Судился 3 раза — первый раз по ошибке (вроде бы за изнасилование).
Второй раз за связь с Петрашевским. Сослан в Сибирь. Отсюда он вывез ценные материалы для своих великих криминальных романов. Нельзя, конечно, заставлять каждого поэта идти добровольно в тюрьму или в ссылку. Иди, мол, убей поглавнее, и сядешь. Нет. Нельзя насиловать судьбу. Но где, как не в этом смешаном и собранном заново по каким-то неведомым провиденциальным законам может поэт получить правду в самом ее открытом, доступном виде? <Правду> о жизни (ту самую, помните: то я — Пушкин, то Пушкин — я), об искусстве, <о судьбе>. Но нельзя насиловать судьбу. Каждому дано то, что должно быть дадено. <Нрзб.> только то, что тебе дадено, а не вырвано, похищено, посмотрено, только осмысленно и откровенно. Насилие над судьбой не открывает завесу, наоборот — <накидывает> новую: на глаза, самую опасную из всех завес, так как давит она на глазное яблоко и расцвечивается всякими иллюзорными цветами.

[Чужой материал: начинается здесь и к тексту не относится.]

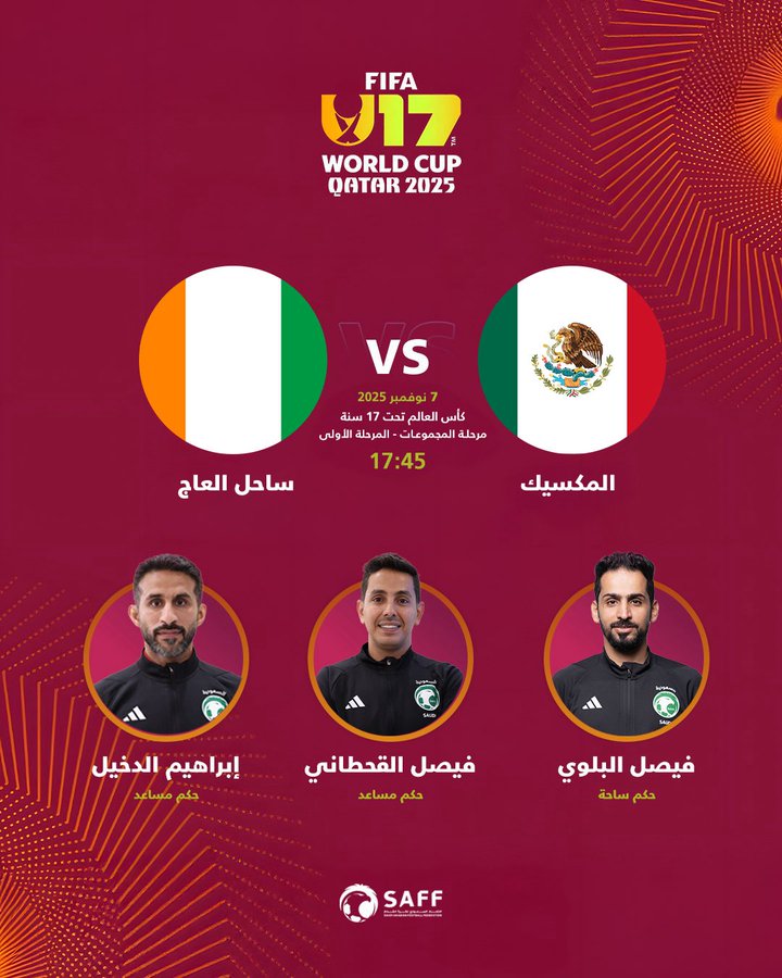 أعلن الاتحاد السعودي لكرة القدم عن مشاركة طاقم تحكيم دولي بقيادة فيصل البلوي، لإدارة مباراة منتخبي المكسيك وساحل العاج اليوم، ضمن دور المجموعات من كأس العالم تحت 17 عامًا 2025 المقامة في قطر.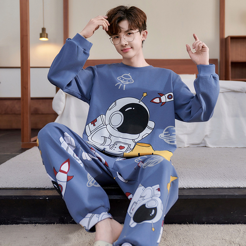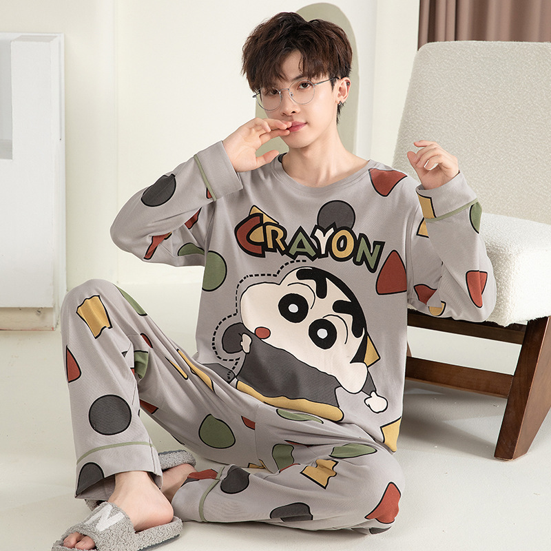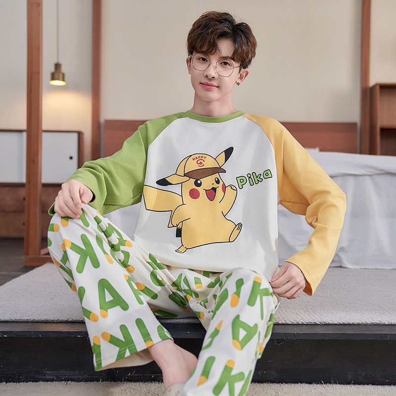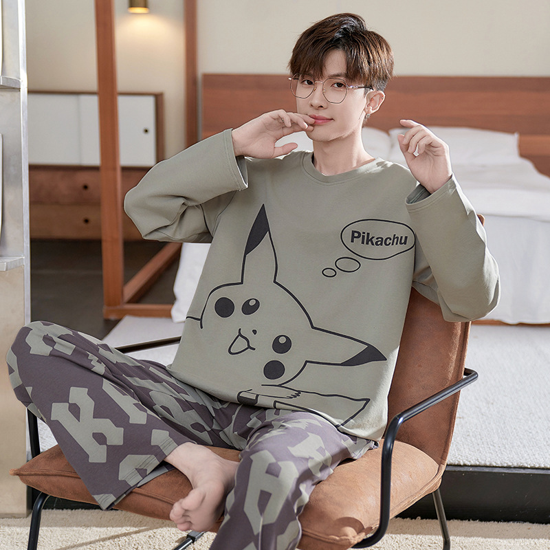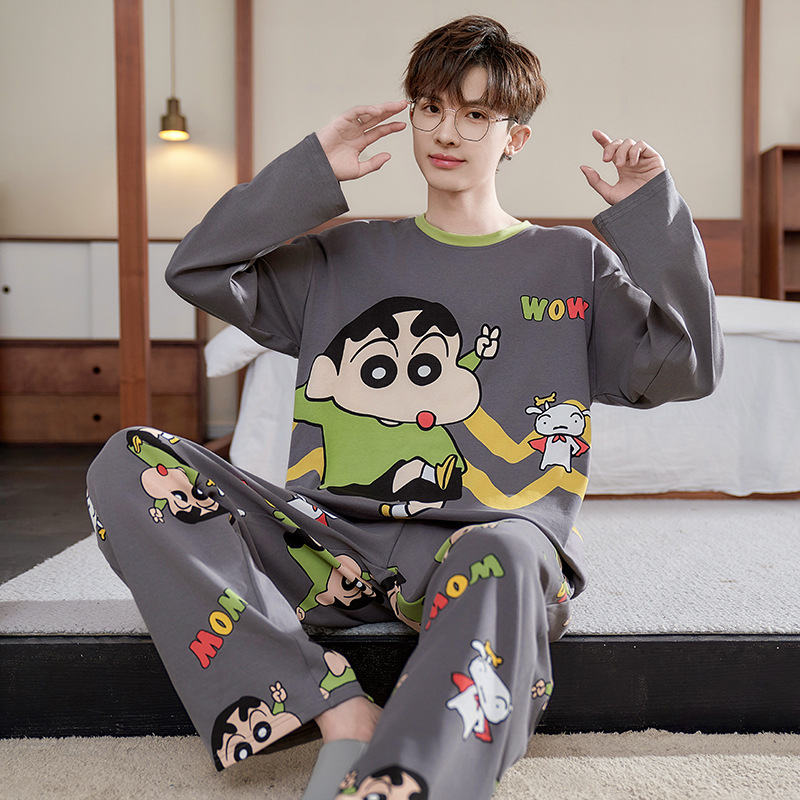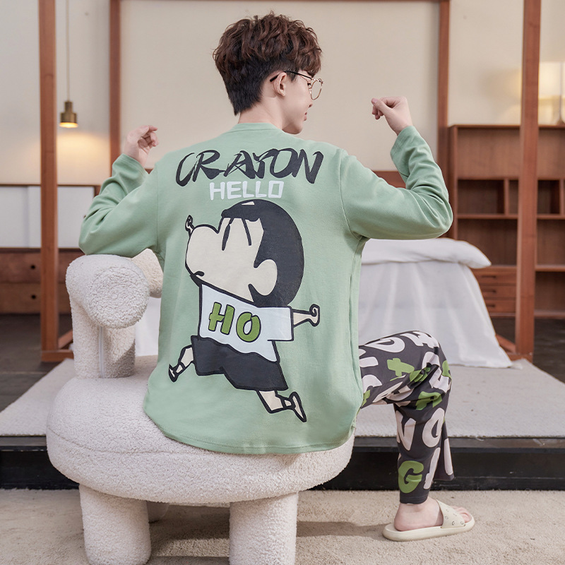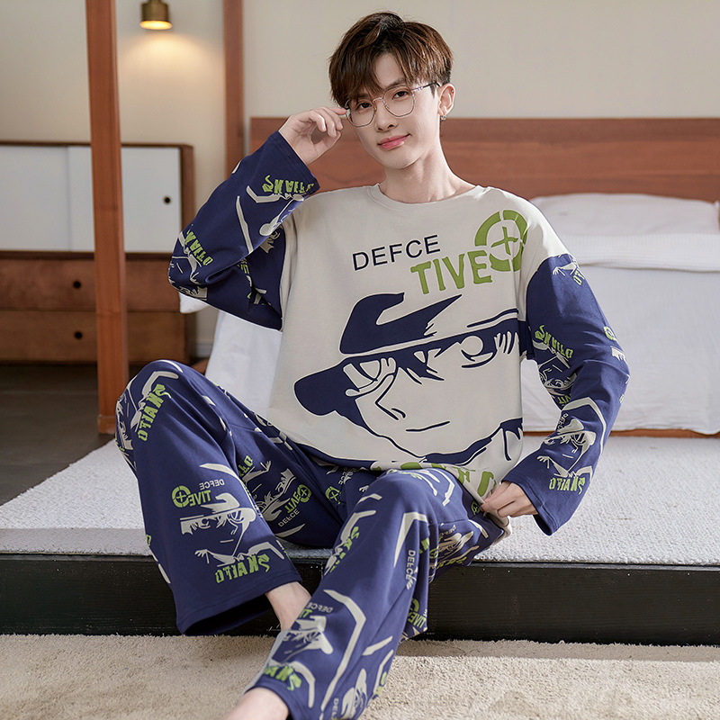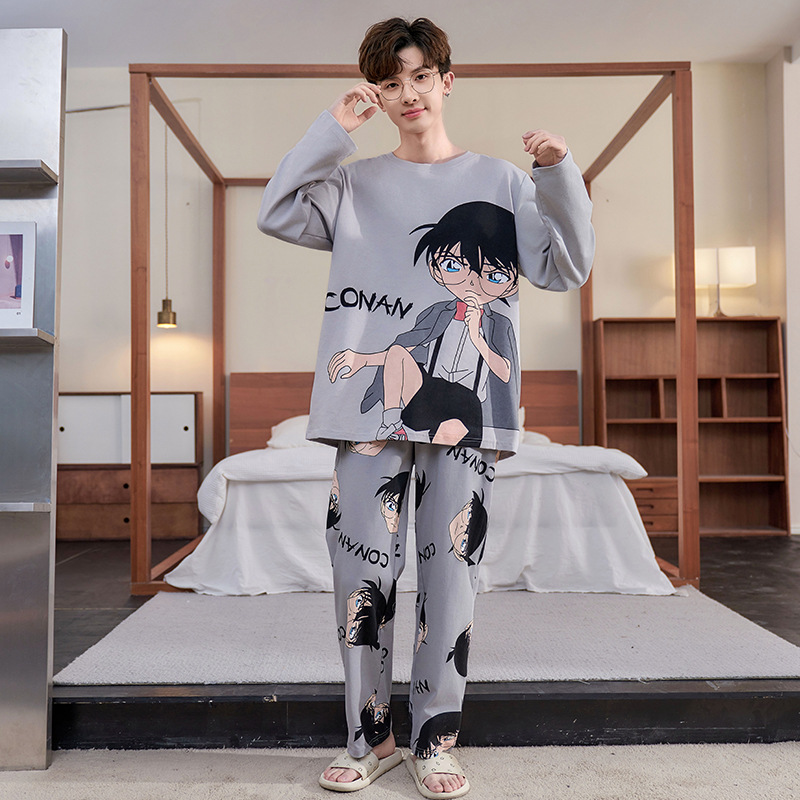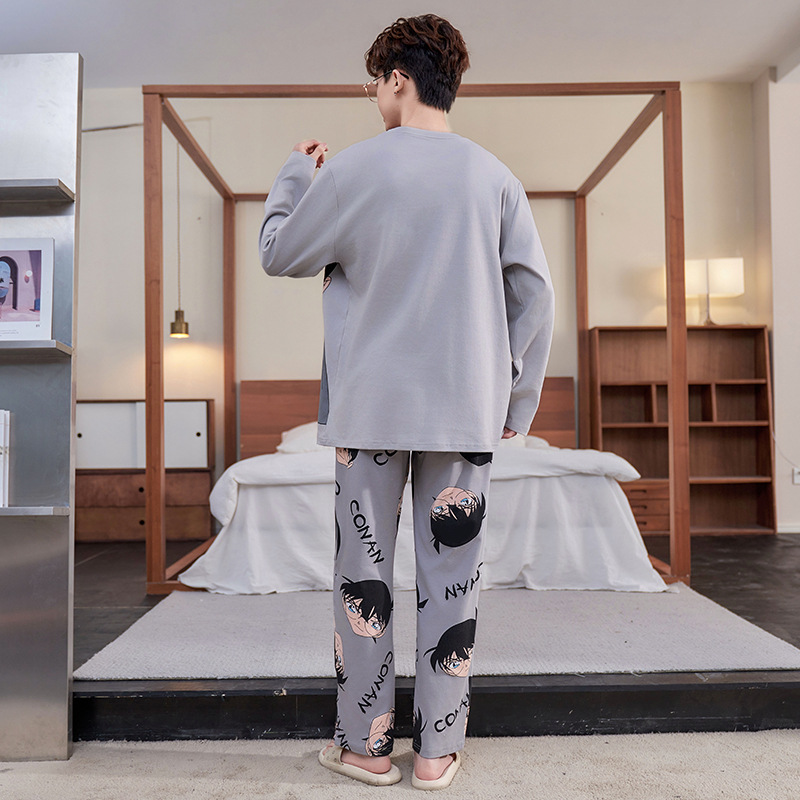 纯棉睡衣男春秋长袖学生青少年卡通柯南男生可外穿棉家居服套装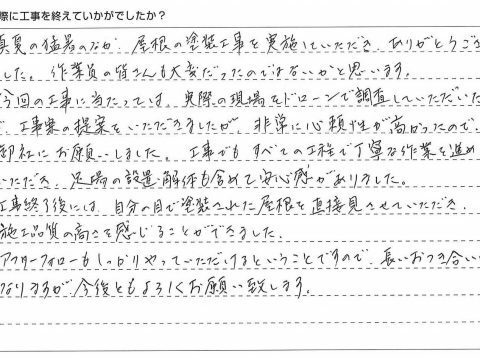 真夏の猛暑のなか、屋根の塗装工事を実施していただき、ありがとうございました。作業員の皆さんも大変だったのではないかと思います。今回の工事に当たっては、実際の現場をドローンで調査していただいた上で、工事案をいただきましたが、非常に信頼性が高かったので、御社にお願いしました。工事でもすべての工程で丁寧な作業を進めていただき、足場の設置・解体も含めて安心感がありました。工事終了後はには、自分の目で塗装された屋根を直接見させていただき、施工品質の高さを感じることができました。アフターフォローもしっかりやっていただけるということですので、長いおつき合いになりますが、今後ともよろしくお願い致します。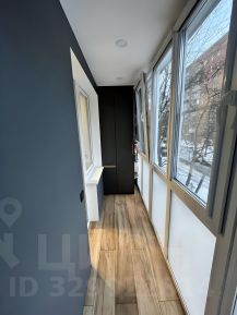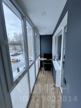 Заменены окна и сделано полное остекление лоджии, фирма Veka. Также установлен тёплый пол. Выход на лоджию для удобства сделан как из кухни, так и из комнаты. Предусмотрены система хранения и рабочее место.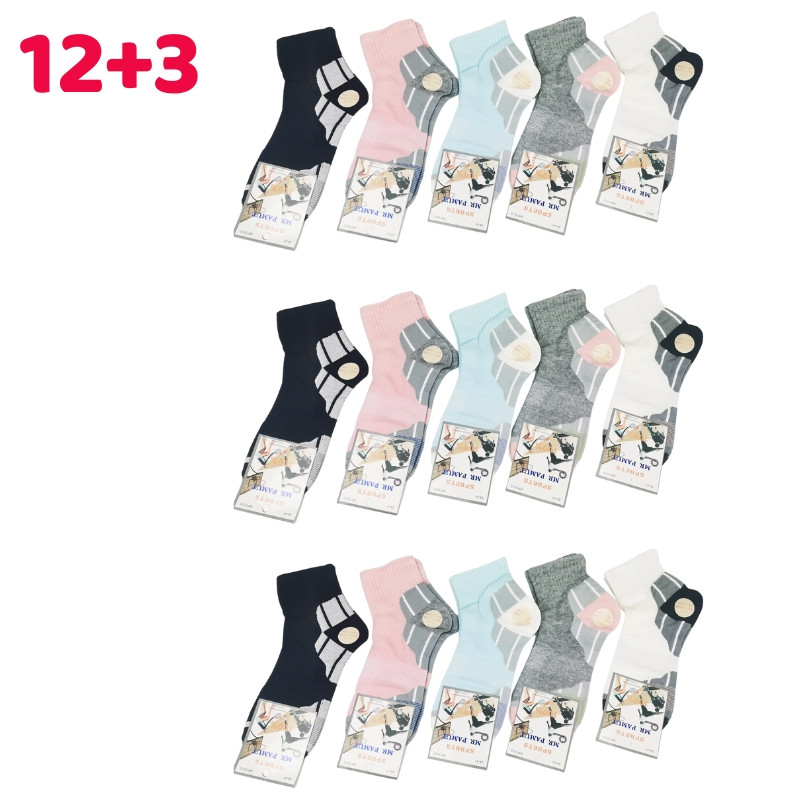 Pohodlná a praktická sada dámskych športových ponožiek, ideálna na každodenné nosenie aj športové aktivity. Balenie obsahuje 12 párov ponožiek a 3 páry ako darček, takže celkovo dostanete 15 párov.

Третий раз судился за связь с иностранной разведкой. Приговорен к высшей мере наказания — расстрелу. Приговор приведен в исполнение в июне 1937 года. Как же мне теперь продолжить свой рассказ? Что же мне сказать после всего этого? Что придет сейчас на ум? Сам не знаю. И всегда так — что бы я ни делал: <рисовал>, лепил, писал — никогда я не знаю, что получится. Вернее, знаю, но делается совсем не то. Вот и сейчас я должен был рассказать одну веселую историю из времен моего студенчества. А получается все наоборот.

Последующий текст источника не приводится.